We opened that data up for anyone to use but also created a map. The visualization and communication of data here were important. This is because not all of us can be data scientists, but understanding the insights of data through visualization brings the power of data to everyone. In this project, visualizing the map of the routes not only provided a guide to citizens but it showed NGOs and outside funders that matatus are an organized system. Previously, many NGOs didn't realize that there's a matatu organization, that they set routes and stops, and that, in fact, it is, in a way, a planned system. The maps helped them realize if they're going to improve the transit system, it’s important for them to engage with the matatu association, whether it's a privatized organization or not.
The visualization helped many of those people who want to impact transportation in Nairobi. It gave them a path to do that. The visualization also became a popular icon for the city, which was great. Much in the way New Yorkers “wear” their subway maps, we would see the map of Nairobi around.
We also opened the data up for anyone to use. We held a hackathon so that the local tech community, which is super vibrant in Nairobi, had access to it. Now there are 10 different apps that use the data as a base. There's a Waze-like app so that you can figure out which matatu to take based on traffic that day. This became the first informal transit system in Google Maps, so now you can actually navigate yourself.

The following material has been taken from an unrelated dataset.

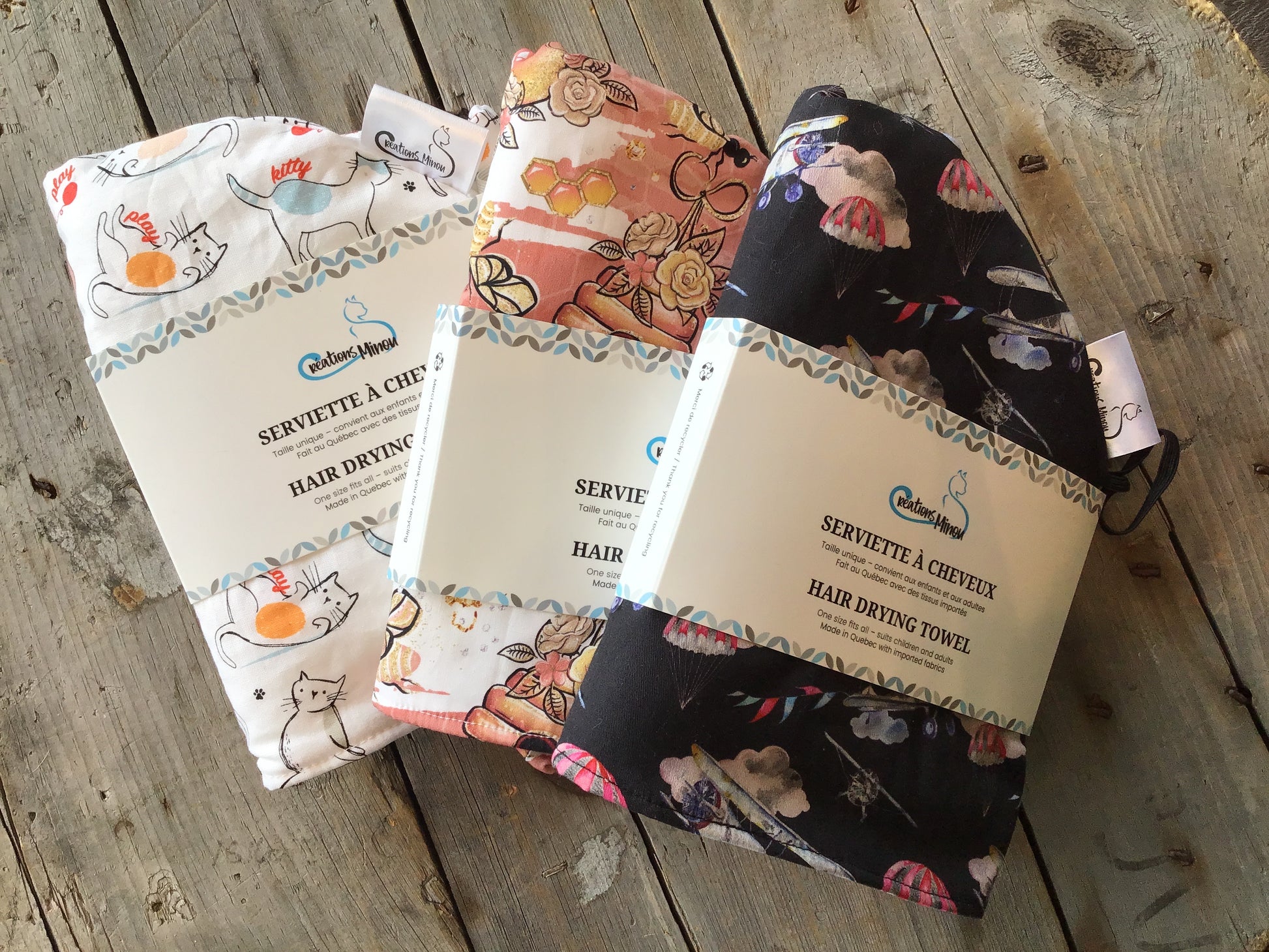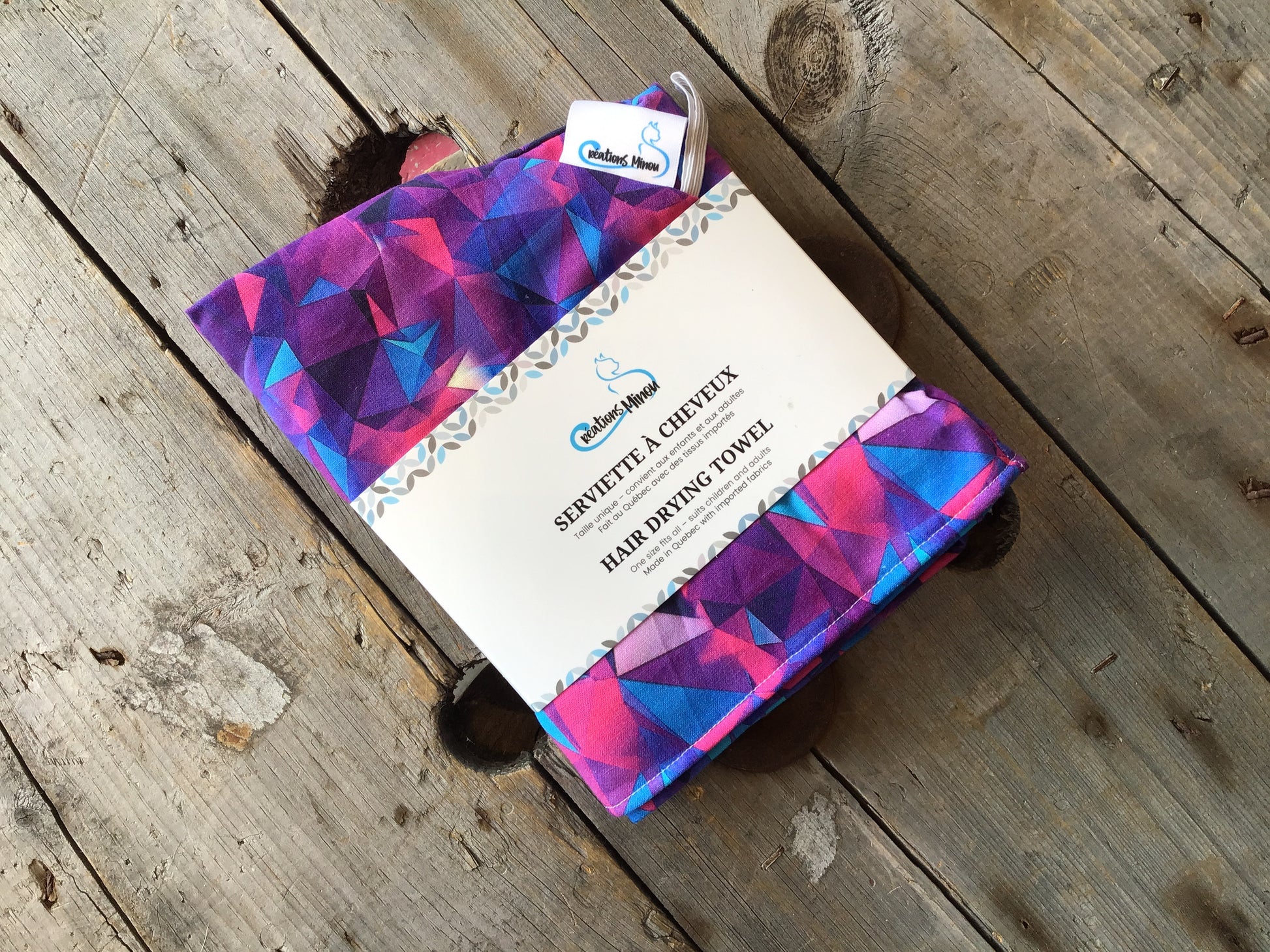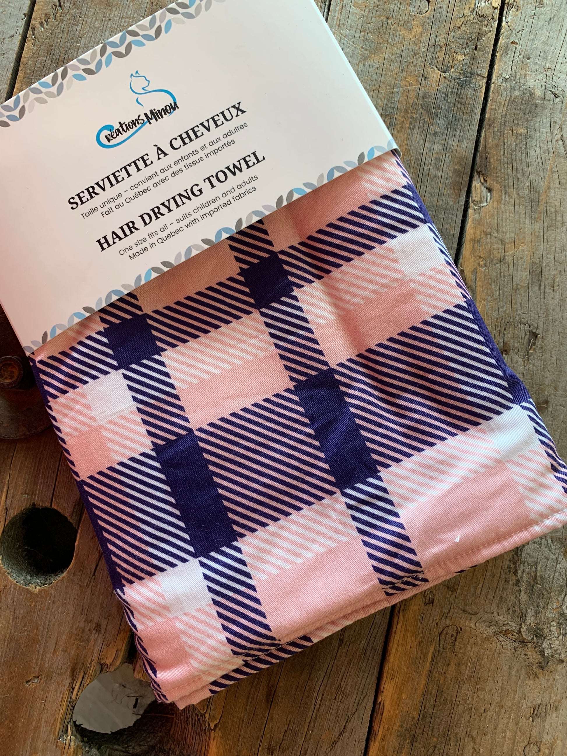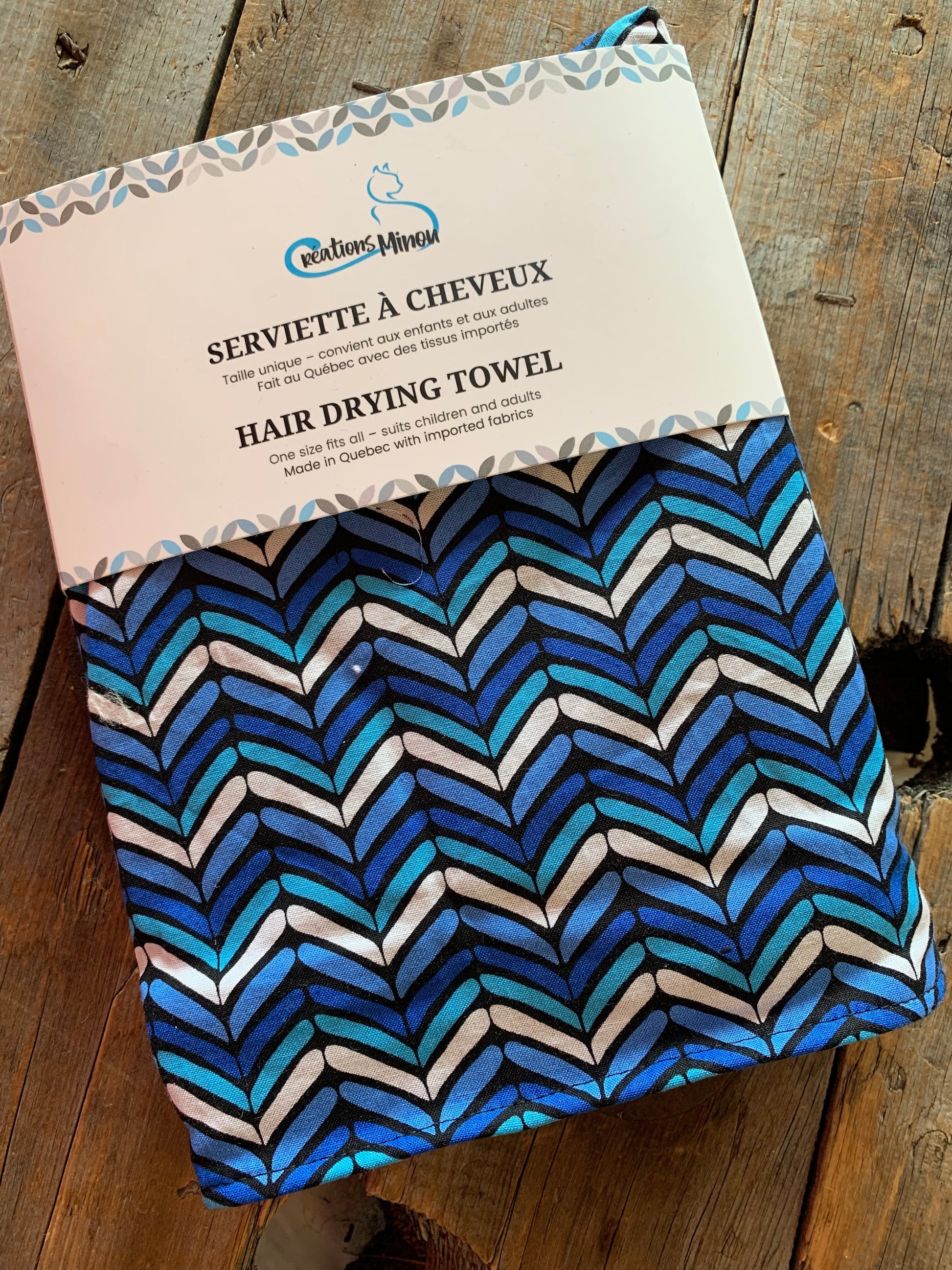 Serviette à cheveux fait au Québec par la compagnie Création Minou.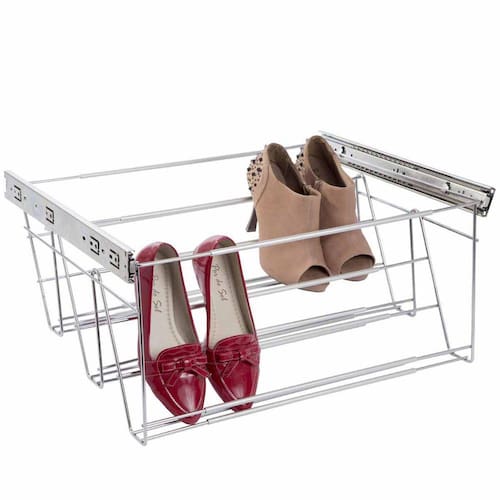 Sapateira Tripla ExtensívelProduto confeccionado em aço carbono, com tubos extensores em alumínio. .Acompanha trilhos telescópicos, que vão desmontados na peça.O uso ideal é dentro de armários, com fixação horizontal lateralmente.O aramado tem o acabamento cromado e o alumínio anodizado fosco.Sua capacidade é de 9 pares de calçados em seu menor tamanho e ainda comporta bolsas e malas. Em seu maior tamanho a capacidade de sapatos varia dependendo do tamanho e modelo.Largura ajustável de 570 a 770mm.Medidas totais: de 470 a 770x280x460mmCódigo: 8026

Part of the impact was in the way that we designed the data collection exercise. We included all of the partners, the government, the local tech community, local advocates, and NGOs. A lot of them along the way, as we were developing this data, thought: “What is this? Why is this important?” And then once they saw the map and the data, they saw the impact it could have. When the government, which was largely uninterested the whole time, saw the release of the map, they made it the official map of the city. They were kind of saying, “We made the map,” and I think that's exactly the result we wanted.
Can you two talk about ethics and its relationship to data collection?
Tatisana Barysavets (TB)
In my opinion, data should be treated as a corporate asset. I am personally very inspired when I see how organizations leverage data to build synergies across business units, optimize processes, and make better and faster business decisions while collaborating on the same data. However, proper data governance should be in place to avoid unauthorized use of data and exposure of sensitive information. In any project which involves data collection, you must answer these simple questions: “What is the nature of the data that has been collected and processed? Who is going to use this data, and how? Are there any country- and/or organization-specific data standards and policies to be followed?” These answers will drive the creation of proper data access policies and data security and protection standards, and ensure the right design of the data platform. “Data privacy by design” is one of the key principles we always apply on any data project.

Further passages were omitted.